AWS Launches Nova Forge SDK for Custom AI Models
- •AWS introduces Nova Forge SDK to simplify enterprise customization of Amazon Nova language models.
- •New toolkit enables supervised fine-tuning and reinforcement fine-tuning while mitigating the loss of base model capabilities.
- •SDK integrates with Amazon SageMaker and Bedrock, automating infrastructure setup for complex model training workflows.
Enterprise AI is moving away from generic, one-size-fits-all solutions toward highly specialized models that understand proprietary data and industry-specific terminology. To bridge this gap, AWS has released the Nova Forge SDK, a unified toolkit designed to streamline the often complex process of model customization. This tool allows developers to fine-tune Amazon Nova models without the traditional "heavy lifting" associated with infrastructure management and configuration recipes.
One of the primary challenges in AI development is "catastrophic forgetting," where a model loses its general reasoning skills after being trained on specialized data. Nova Forge addresses this by allowing users to blend their own datasets with curated data from Amazon, ensuring the resulting model retains its core instruction-following abilities. The SDK supports advanced techniques like Supervised Fine-Tuning (SFT) and Direct Preference Optimization (DPO), which help align model outputs with specific human preferences or business goals.

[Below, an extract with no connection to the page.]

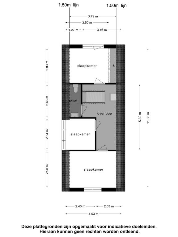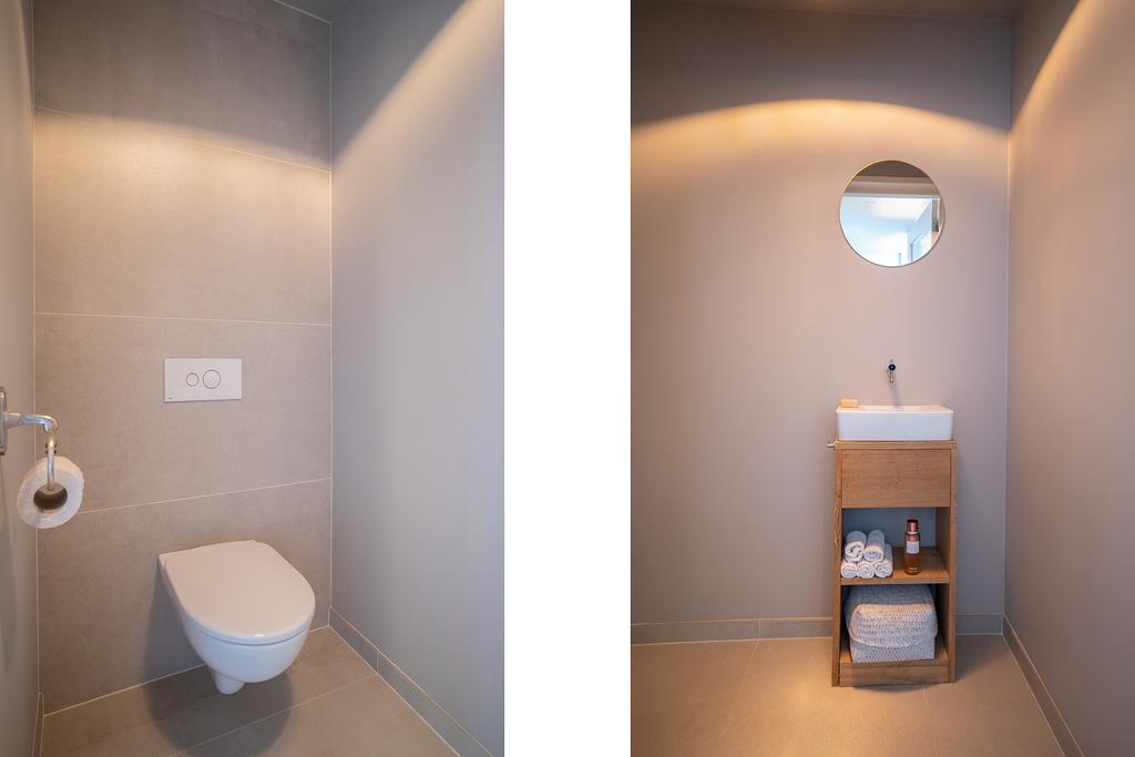 Overloop, ruim zwevend toilet met fonteintje, kleine studeerkamer aan de zijkant, ruime slaapkamer aan de voor-en achterzijde.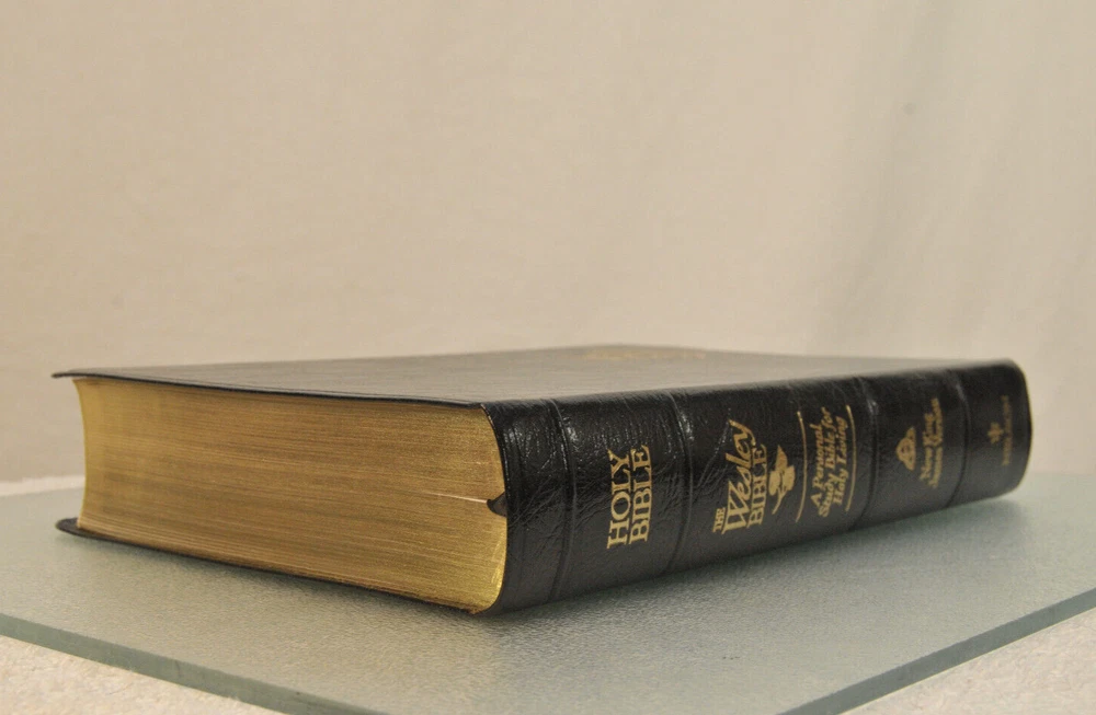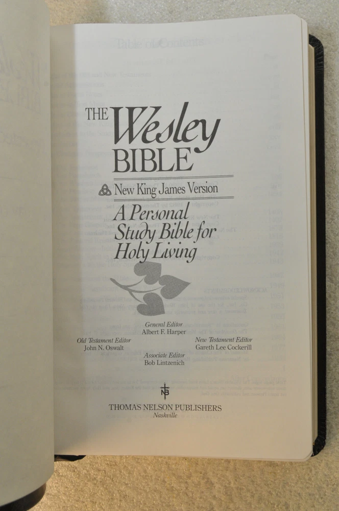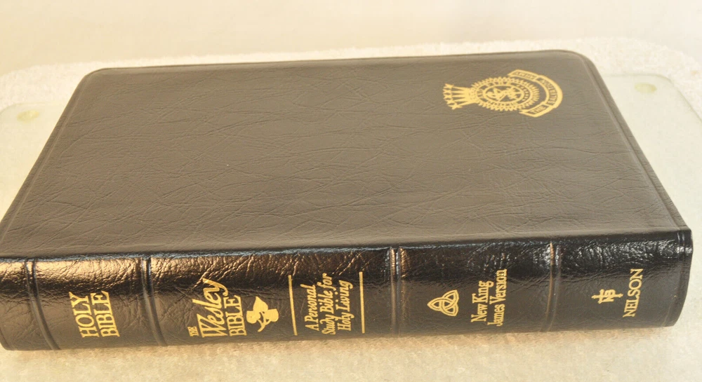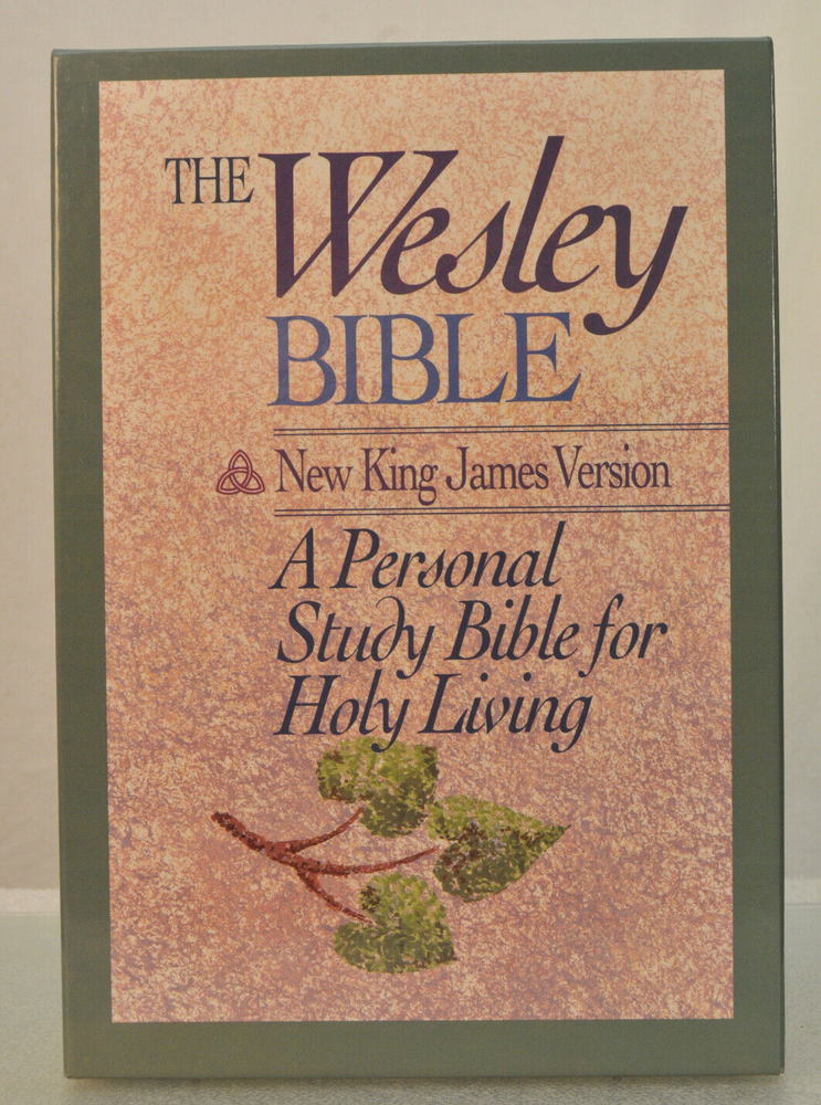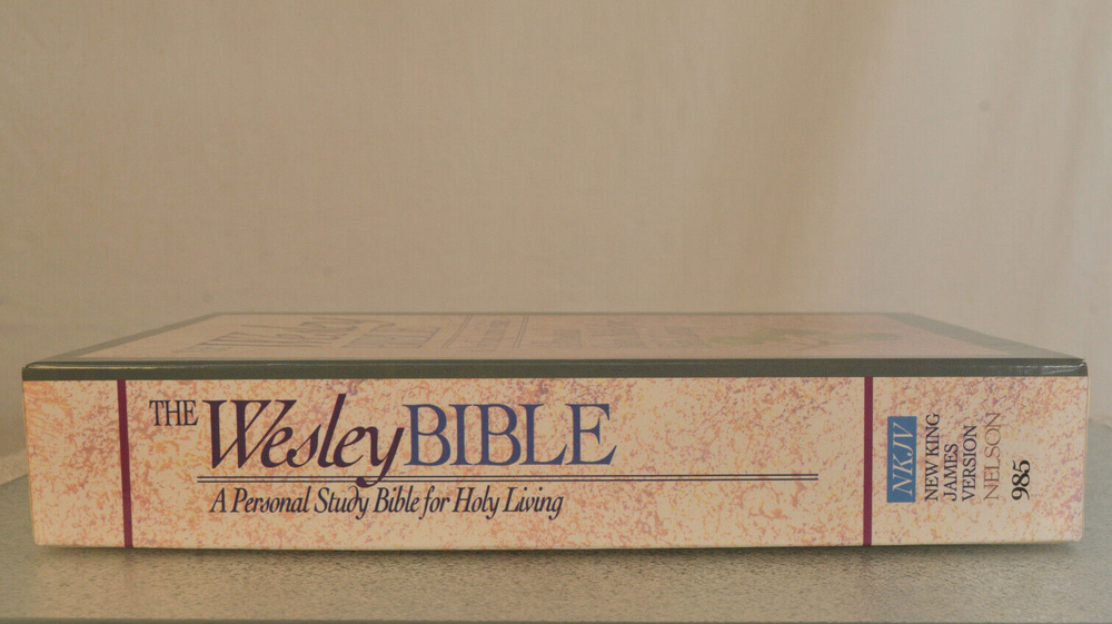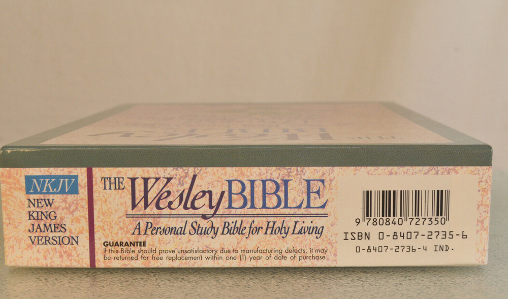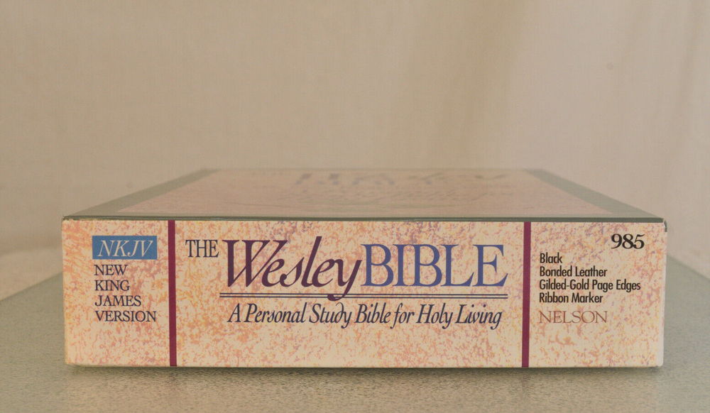 Rare Brand New In Box Unread and Unused: The Wesley Bible New King James Version A Personal Study Bible For Holy Living. This is a First Edition First Printing edition bound in Black Bonded Leather. The front cover is imprinted with the Salvation Army motto and logo. Published by Thomas Nelson Publishing model 985. It is a rare find this Wesley Bible First Edition New in Box 35 years after it's date of publish. This Bible is no longer being published. ISBN 9780840727356. Brand New In Box condition. Imprinted in gold with Salvation Army logo and motto on front cover. Free of any hand written notes or marks inside this Bible. No dog-eared pages. Minimal shelf wear for the box as it was stored during its 35 year wait to be used. Please see all photos for details and condition.

The architecture of the SDK is divided into three layers: an input layer for hardware and data configuration, a customizer layer that automates job launches, and an output layer for performance metrics and final artifacts. By abstracting these technical hurdles, AWS aims to make high-end model customization accessible to broader engineering teams. The system is built to scale from simple tasks on Amazon Bedrock to high-performance training on SageMaker HyperPod clusters.